Before venturing into the film industry, Basnet pursued an interest in becoming a footballer and even joined a club, but, according to him, "nothing went right so [he] just left". He later wanted to become a musician; he recalled that "singing was the only thing that [he] constantly carried from [his] childhood". He recorded some songs, but they were lost due to the studio closing down. His mother wanted him to "become a doctor or an army officer", and he nearly applied to be in the military, but says that the plan "went wrong".

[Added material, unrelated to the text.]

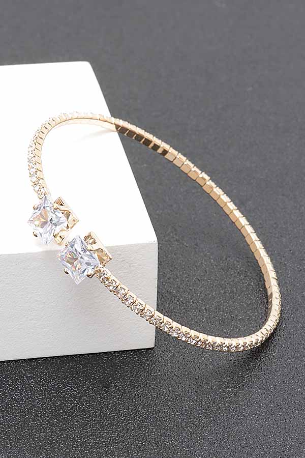 - * Introducing the "Square Radiance Bracelet" by H&D Accessories. This stunning gold bracelet features two exquisite square stones that catch the light beautifully, making it the perfect accessory for any occasion. Elevate your style and let your wrist shine with this elegant piece.

Basnet graduated from Oscar International College of Film Studies in Kathmandu, Nepal. Later he travelled to Australia to study 3D animation, but changed to hospitality and became a chef. This stint in hospitality included everything from "washing dishes to cleaning floors". He said that he believed he was making no progress, so he left Australia and returned to Nepal.

Basnet enjoys bicycling in his free time, and has said: "When on a bike, I feel a kind of thrill I can't explain." On 14 December 2015, Basnet and Swastima Khadka became engaged in the presence of close relatives. They married on 17 February 2016, in a private ceremony held at Royal Events Banquet and Restaurant in Tinkune. On 3 August 2019 the couple was given an "Ideal Couple" award by the mayor of Lalitpur.

== Accolades ==
Basnet has won two Dcine Awards: for Best Debut Director and Best Cameo Role. He was also nominated for the Dcine Award for Best Actor in a Negative Role. He has won one National Film Award as Best Director, and was nominated as Best Actor in a Negative Role at the Kamana Film Awards.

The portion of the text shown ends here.